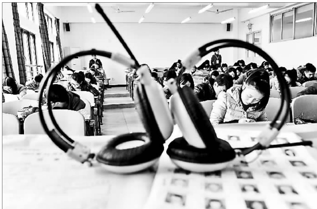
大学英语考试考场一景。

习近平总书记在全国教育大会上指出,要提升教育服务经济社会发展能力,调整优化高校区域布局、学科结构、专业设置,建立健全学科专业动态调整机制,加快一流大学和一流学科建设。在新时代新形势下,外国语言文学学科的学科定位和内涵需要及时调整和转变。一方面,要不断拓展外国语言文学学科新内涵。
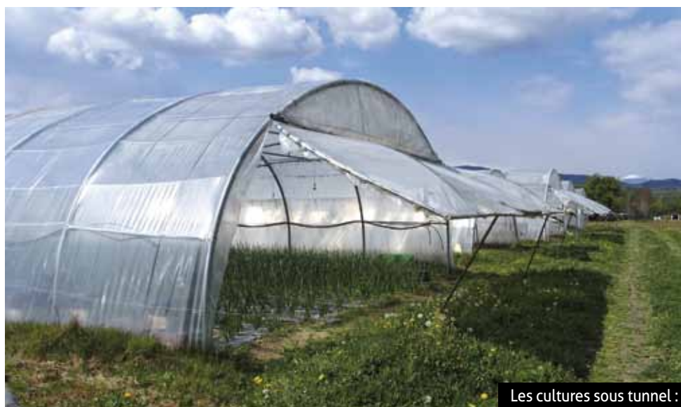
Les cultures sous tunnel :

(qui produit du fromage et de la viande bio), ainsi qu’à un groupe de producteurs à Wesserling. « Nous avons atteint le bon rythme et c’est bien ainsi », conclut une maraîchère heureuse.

:: Instructions to follow ::
Reproduce, word for word, the line containing "Les cultures sous" along with every later line of the listing, and leave out all earlier lines.

:: Solution to this task ::
Les cultures sous tunnel :

(qui produit du fromage et de la viande bio), ainsi qu’à un groupe de producteurs à Wesserling. « Nous avons atteint le bon rythme et c’est bien ainsi », conclut une maraîchère heureuse.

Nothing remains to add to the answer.